Start of RECORDS SUPPLIED
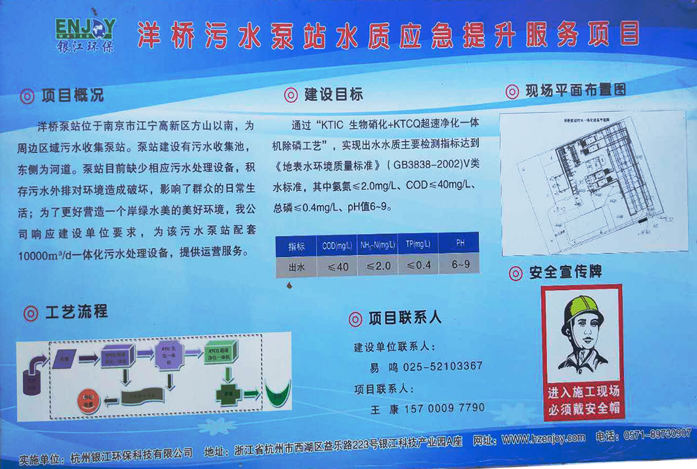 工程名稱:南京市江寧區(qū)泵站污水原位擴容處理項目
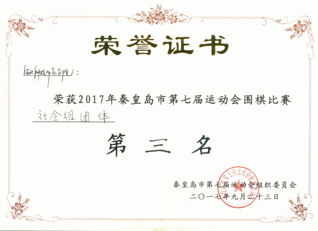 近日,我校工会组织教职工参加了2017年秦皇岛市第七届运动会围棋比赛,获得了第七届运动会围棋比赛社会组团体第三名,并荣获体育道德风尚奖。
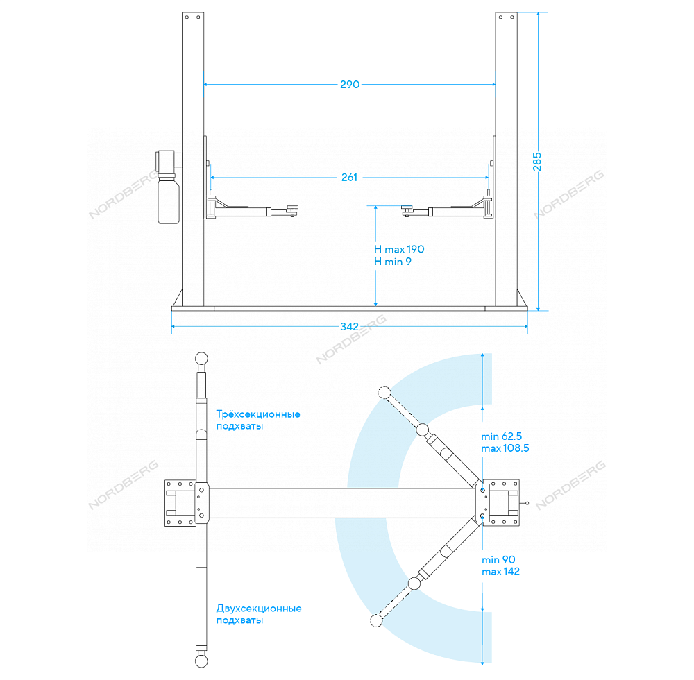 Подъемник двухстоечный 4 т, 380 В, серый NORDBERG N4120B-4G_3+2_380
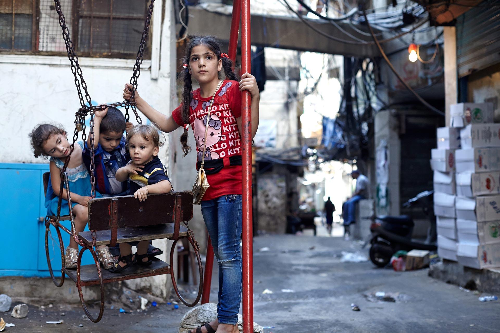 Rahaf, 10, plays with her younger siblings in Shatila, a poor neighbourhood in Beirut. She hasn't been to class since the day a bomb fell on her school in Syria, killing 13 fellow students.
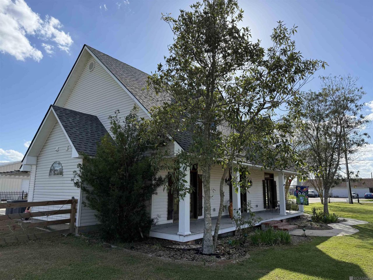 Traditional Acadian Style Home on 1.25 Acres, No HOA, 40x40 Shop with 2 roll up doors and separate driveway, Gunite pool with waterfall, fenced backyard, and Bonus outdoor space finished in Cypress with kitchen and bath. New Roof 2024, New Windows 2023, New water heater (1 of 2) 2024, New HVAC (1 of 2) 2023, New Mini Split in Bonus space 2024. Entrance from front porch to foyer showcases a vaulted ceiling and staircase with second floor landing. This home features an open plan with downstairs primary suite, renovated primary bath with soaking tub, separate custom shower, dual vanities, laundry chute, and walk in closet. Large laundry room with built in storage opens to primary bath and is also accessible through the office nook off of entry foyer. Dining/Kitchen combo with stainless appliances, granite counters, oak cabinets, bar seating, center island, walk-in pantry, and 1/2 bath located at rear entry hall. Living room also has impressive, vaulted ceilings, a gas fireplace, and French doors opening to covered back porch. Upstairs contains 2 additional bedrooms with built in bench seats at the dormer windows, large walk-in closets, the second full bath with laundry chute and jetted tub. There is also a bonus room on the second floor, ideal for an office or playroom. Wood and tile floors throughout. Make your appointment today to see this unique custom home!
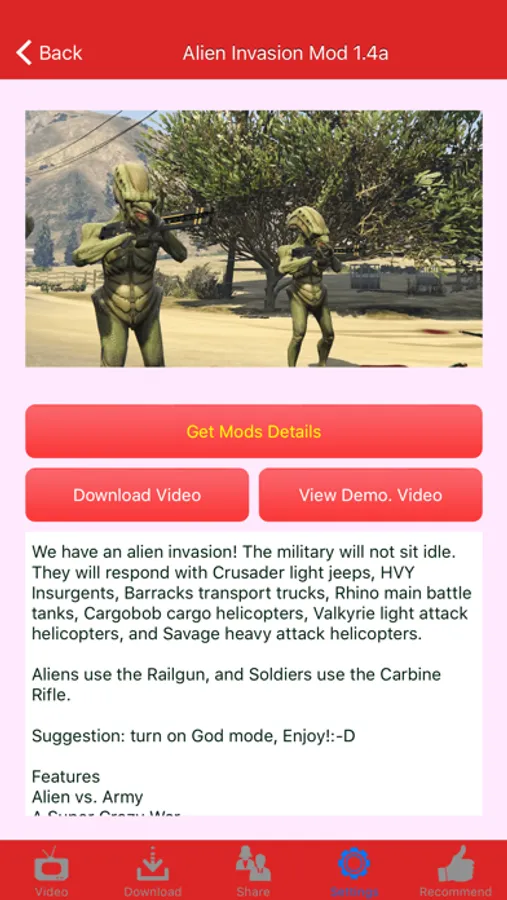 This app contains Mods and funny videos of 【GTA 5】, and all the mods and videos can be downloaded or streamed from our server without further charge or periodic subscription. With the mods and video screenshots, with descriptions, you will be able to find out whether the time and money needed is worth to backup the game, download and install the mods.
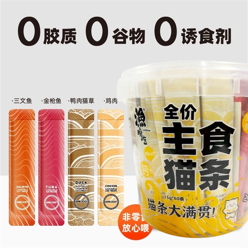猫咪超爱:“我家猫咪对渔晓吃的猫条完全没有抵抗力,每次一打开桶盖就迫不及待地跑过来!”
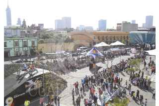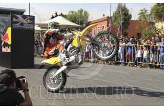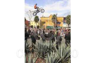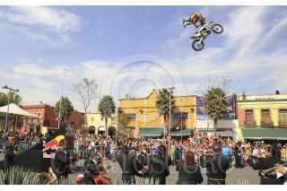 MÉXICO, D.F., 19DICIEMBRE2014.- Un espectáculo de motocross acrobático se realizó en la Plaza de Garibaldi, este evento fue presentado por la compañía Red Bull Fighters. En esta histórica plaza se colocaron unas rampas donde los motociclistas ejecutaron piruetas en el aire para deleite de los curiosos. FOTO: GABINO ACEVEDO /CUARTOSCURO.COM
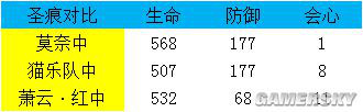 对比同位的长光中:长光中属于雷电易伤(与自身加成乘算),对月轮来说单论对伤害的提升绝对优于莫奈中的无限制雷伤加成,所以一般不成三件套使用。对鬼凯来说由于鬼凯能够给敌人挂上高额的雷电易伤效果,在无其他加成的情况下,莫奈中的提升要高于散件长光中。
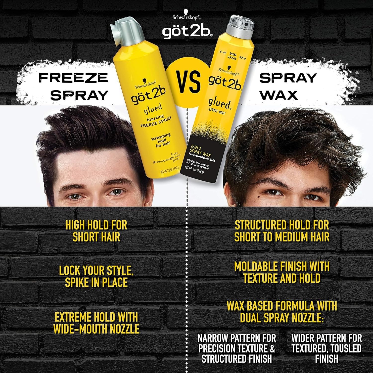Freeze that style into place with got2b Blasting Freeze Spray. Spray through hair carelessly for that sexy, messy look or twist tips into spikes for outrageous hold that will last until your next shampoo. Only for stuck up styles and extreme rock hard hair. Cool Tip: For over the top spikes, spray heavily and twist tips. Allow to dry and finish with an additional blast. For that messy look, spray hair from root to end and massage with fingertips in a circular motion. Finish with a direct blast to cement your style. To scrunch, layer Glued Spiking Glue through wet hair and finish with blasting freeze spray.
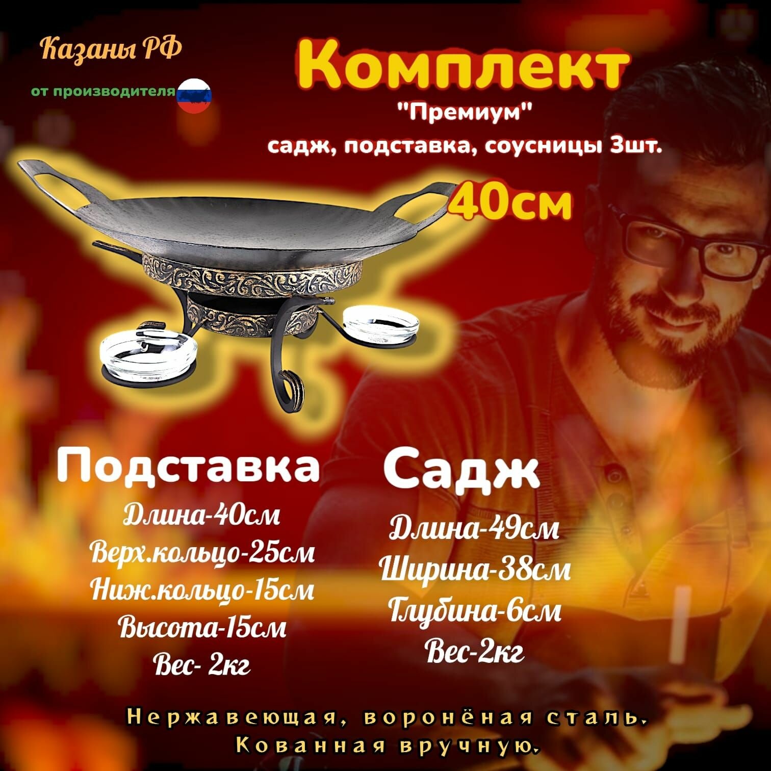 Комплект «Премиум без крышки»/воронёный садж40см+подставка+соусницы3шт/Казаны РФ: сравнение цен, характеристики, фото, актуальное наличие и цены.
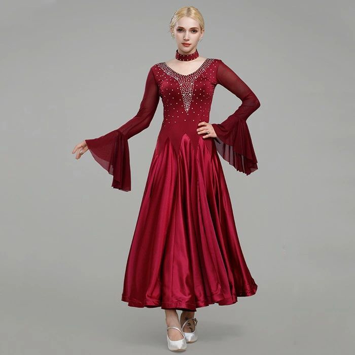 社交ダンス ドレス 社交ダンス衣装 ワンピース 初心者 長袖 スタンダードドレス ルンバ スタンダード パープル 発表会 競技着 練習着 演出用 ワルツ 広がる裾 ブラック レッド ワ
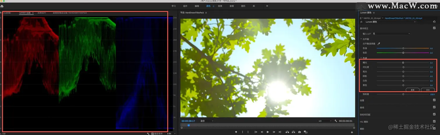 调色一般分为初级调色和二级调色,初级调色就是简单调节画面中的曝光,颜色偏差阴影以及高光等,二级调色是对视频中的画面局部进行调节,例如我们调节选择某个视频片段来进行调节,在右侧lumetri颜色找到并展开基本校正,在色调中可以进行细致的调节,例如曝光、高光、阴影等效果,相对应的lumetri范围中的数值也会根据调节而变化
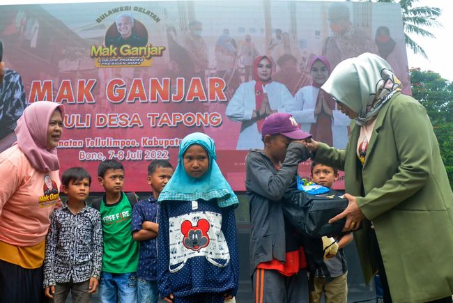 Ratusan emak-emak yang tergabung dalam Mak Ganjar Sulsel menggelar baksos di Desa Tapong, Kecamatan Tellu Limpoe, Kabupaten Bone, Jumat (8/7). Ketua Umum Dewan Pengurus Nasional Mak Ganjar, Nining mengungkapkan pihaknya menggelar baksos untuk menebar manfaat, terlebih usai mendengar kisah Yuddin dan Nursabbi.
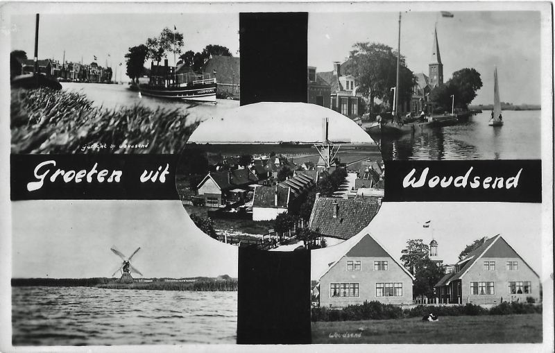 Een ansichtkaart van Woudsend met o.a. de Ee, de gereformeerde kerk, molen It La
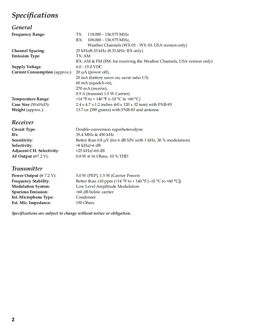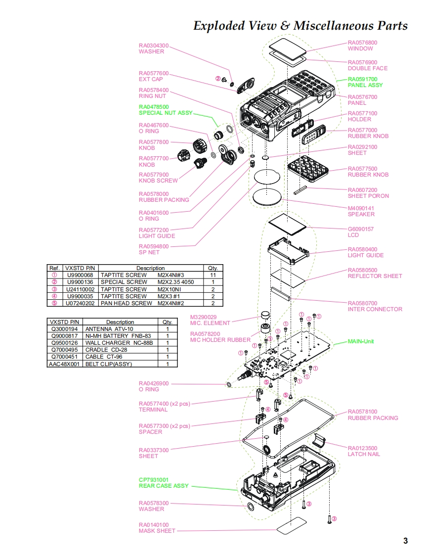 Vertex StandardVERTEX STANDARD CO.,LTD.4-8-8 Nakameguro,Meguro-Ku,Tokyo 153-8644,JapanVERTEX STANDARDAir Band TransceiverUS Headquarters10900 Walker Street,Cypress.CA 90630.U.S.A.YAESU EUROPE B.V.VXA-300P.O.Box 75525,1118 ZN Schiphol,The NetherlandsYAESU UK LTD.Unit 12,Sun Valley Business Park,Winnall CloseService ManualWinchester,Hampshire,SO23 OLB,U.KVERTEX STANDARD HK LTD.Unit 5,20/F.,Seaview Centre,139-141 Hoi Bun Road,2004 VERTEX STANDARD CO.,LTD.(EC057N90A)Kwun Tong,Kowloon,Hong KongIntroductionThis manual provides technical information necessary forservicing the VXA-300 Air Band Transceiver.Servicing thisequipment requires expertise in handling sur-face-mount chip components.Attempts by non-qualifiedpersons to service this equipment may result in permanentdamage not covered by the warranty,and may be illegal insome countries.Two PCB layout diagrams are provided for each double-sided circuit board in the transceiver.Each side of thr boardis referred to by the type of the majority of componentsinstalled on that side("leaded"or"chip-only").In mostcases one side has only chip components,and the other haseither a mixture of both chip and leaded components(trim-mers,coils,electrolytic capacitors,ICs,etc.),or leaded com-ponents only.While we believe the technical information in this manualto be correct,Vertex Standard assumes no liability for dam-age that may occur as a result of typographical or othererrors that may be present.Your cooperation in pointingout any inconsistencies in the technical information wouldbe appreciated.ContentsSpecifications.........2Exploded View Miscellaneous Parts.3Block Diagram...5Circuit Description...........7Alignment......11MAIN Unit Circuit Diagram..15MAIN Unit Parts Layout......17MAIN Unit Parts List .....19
End of RECORDS SUPPLIED
YOUR ASSIGNMENT –
With the pictures omitted, print the lines above exactly, beginning at the line with "MÉXICO, D.F., 19DICIEMBRE2014.- Un" and going on through the line with "对比同位的长光中:长光中属于".

WRITTEN RESPONSE –
 MÉXICO, D.F., 19DICIEMBRE2014.- Un espectáculo de motocross acrobático se realizó en la Plaza de Garibaldi, este evento fue presentado por la compañía Red Bull Fighters. En esta histórica plaza se colocaron unas rampas donde los motociclistas ejecutaron piruetas en el aire para deleite de los curiosos. FOTO: GABINO ACEVEDO /CUARTOSCURO.COM
 对比同位的长光中:长光中属于雷电易伤(与自身加成乘算),对月轮来说单论对伤害的提升绝对优于莫奈中的无限制雷伤加成,所以一般不成三件套使用。对鬼凯来说由于鬼凯能够给敌人挂上高额的雷电易伤效果,在无其他加成的情况下,莫奈中的提升要高于散件长光中。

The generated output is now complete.